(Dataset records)
══════════
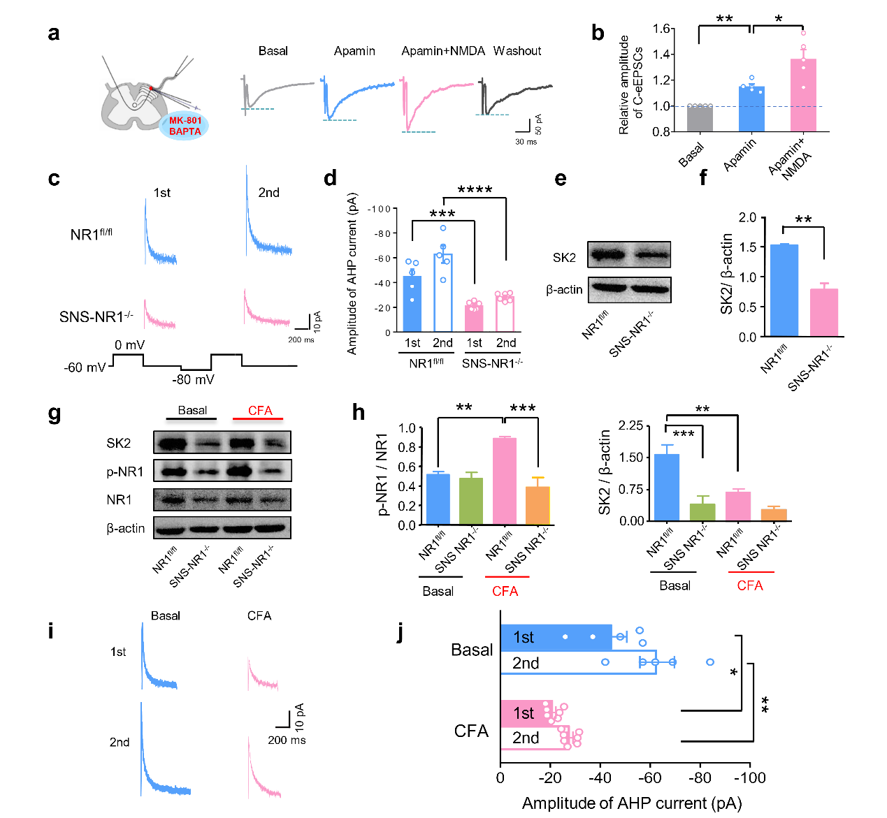那么,为什么伤害性感受器PreNMDARs在不同的状态下对突触可塑性产生不同的作用呢?实验室研究发现,小电导Ca2+激活的K+(SK)通道参与PreNMDARs介导的基础状态下的突触抑制。应用SK通道阻断剂Apamin抑制SK通道,可以导致C-eEPSCs显著增强,并且与外源性NMDA有协同作用。进一步应用转基因动物发现SNS-NR1-/-小鼠的SK相关电流显著降低。结合Western blot实验联合提示伤害性感受器突触前SK2通道的激活参与了PreNMDAR在基础状态下的脊髓突触前抑制作用。那么,PreNMDAR又如何促进炎症性疼痛状态下的脊髓突触传递呢?实验室首先验证了炎性痛状态下NMDAR和SK2通道活性的变化。在CFA注射24小时后,与基础状态相比,NR1fl/fl小鼠DRG中的NMDARs NR1亚基磷酸化水平显著上调。DRG神经元中的SK相关电流在CFA炎性痛小鼠中显著减弱,SK2通道的表达水平显著下调。
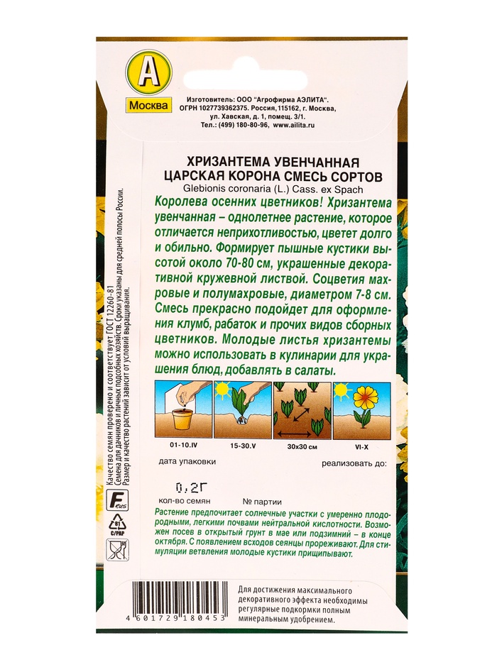 Семена цветов Хризантема махровая Царская корона, смесь сортов Золотая серия, Ц/П,0,2 г
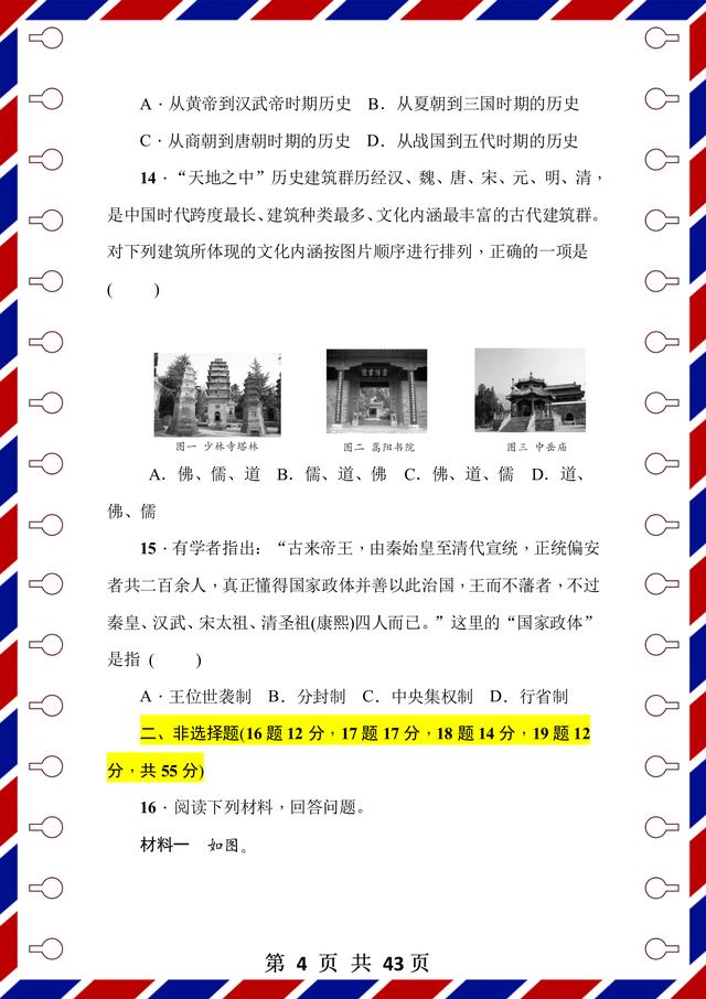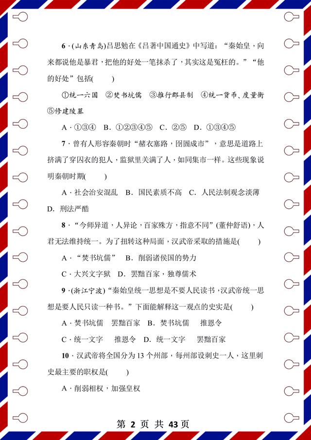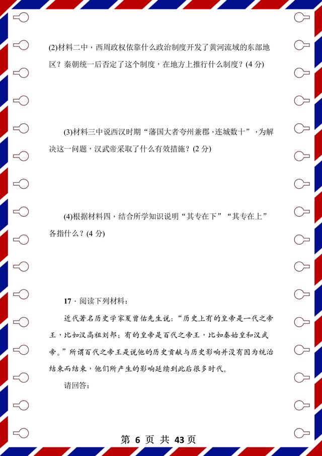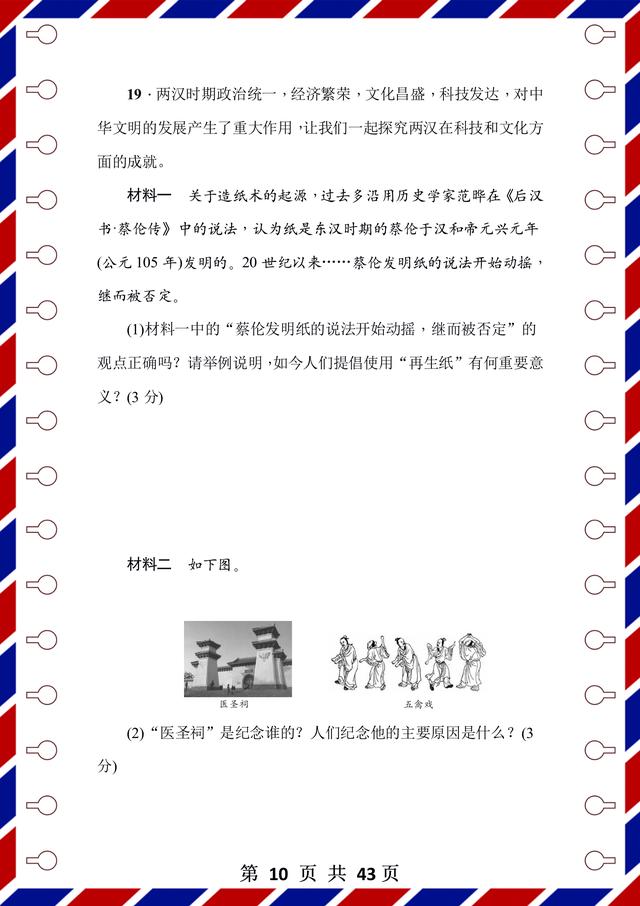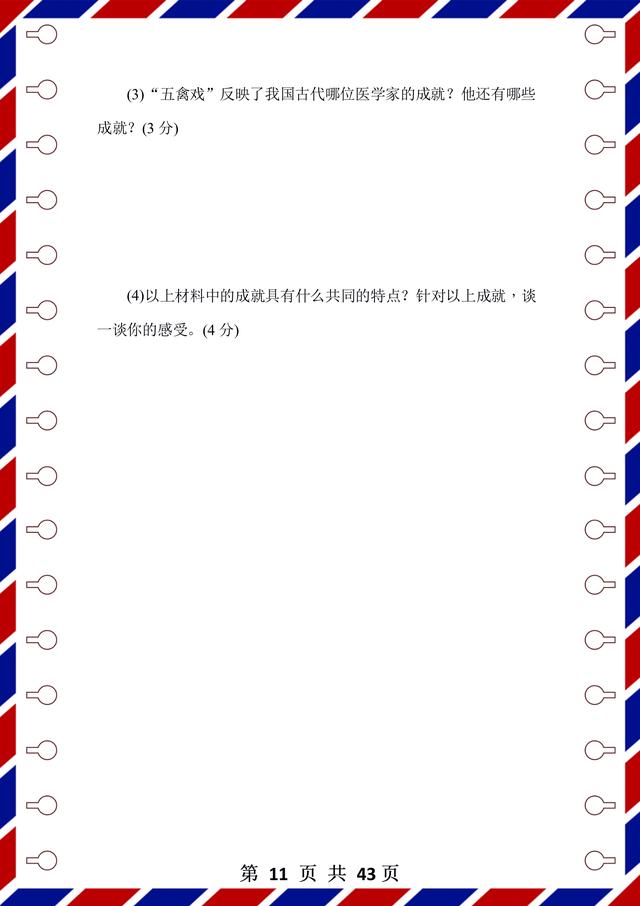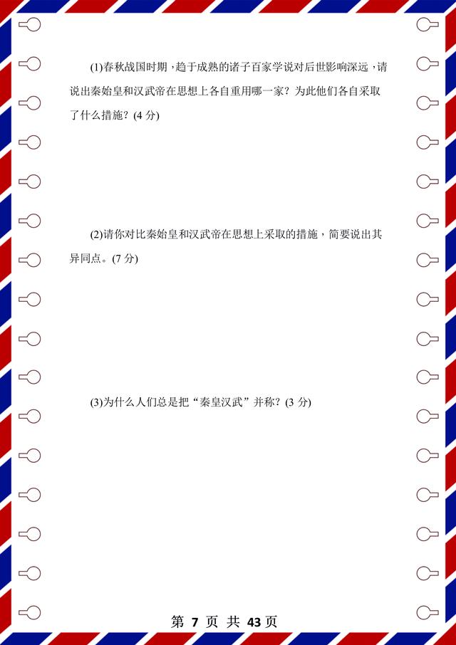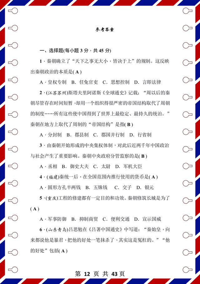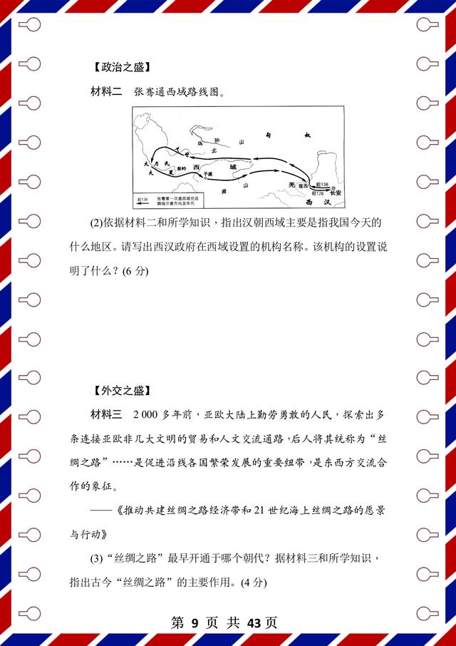 整理了43页!前面是测试题,后面是答案解析,试卷是用word整理的,方便编辑和整理。每张试卷呢,都有匹配的考试时间和要求,可以抽时间让孩子检测,通关以后,孩子的历史成绩不会低!
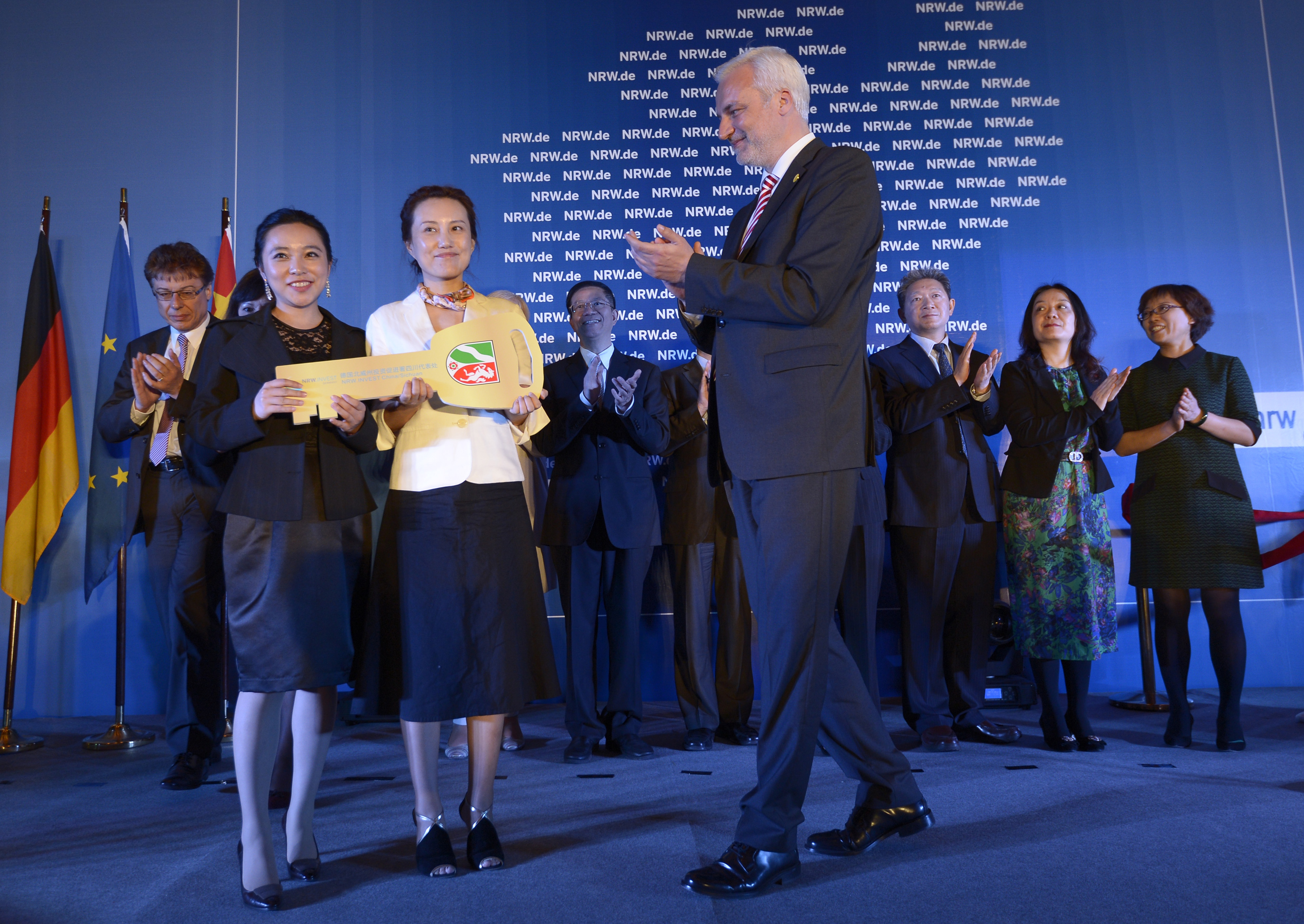 Wirtschaftsminister Garrelt Duin überreicht symbolisch einen Schlüssel and LIU Donna, der Leiterin, der neuen Repräsentanz NRW.INVEST Sichuan in Chengdu, China.
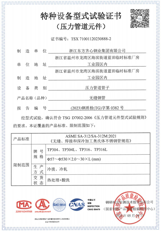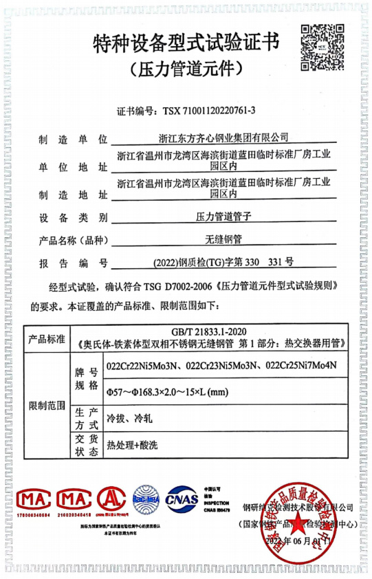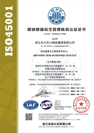 公司始終堅持生產高性能不銹鋼管的產品定位,持續改進品質。先后取得了不銹鋼管特種設備(壓力管道元件)認證等多張生產許可證,并通過ISO9001:2015質量管理體系、ISO14000:2004環境管理體系認證、GB/T28001-2011職業健康安全管理體系認證。
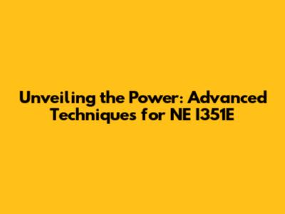 Hey everyone, let's dive into the fascinating world of NE I351E and explore the advanced techniques that can really make this powerful tool shine! Whether you're a seasoned pro or just getting started, understanding these methods can seriously level up your game. We'll be breaking down some key strategies, tips, and tricks to help you get the most out of NE I351E. Ready to become a master? Let's get started!
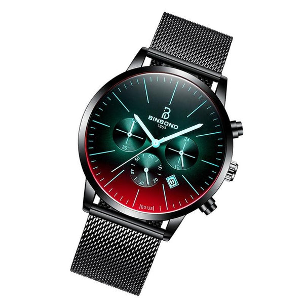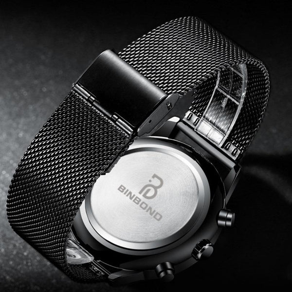 BINBOND B0135 Men Ultra-thin Three-eye Six-pin Multi-function Symphony Sports Watch(Black Mash Black Surface)
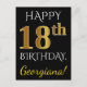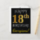 Black, Falsch Gold 18th Birthday + Custom Name Postkarte
══════════
TASK PROMPT. Starting with the line that has "Семена цветов Хризантема" and ending with the line that has "Wirtschaftsminister Garrelt Duin", repeat the lines above exactly, omitting every picture.

FINISHED TASK.
 Семена цветов Хризантема махровая Царская корона, смесь сортов Золотая серия, Ц/П,0,2 г
 整理了43页!前面是测试题,后面是答案解析,试卷是用word整理的,方便编辑和整理。每张试卷呢,都有匹配的考试时间和要求,可以抽时间让孩子检测,通关以后,孩子的历史成绩不会低!
 Wirtschaftsminister Garrelt Duin überreicht symbolisch einen Schlüssel and LIU Donna, der Leiterin, der neuen Repräsentanz NRW.INVEST Sichuan in Chengdu, China.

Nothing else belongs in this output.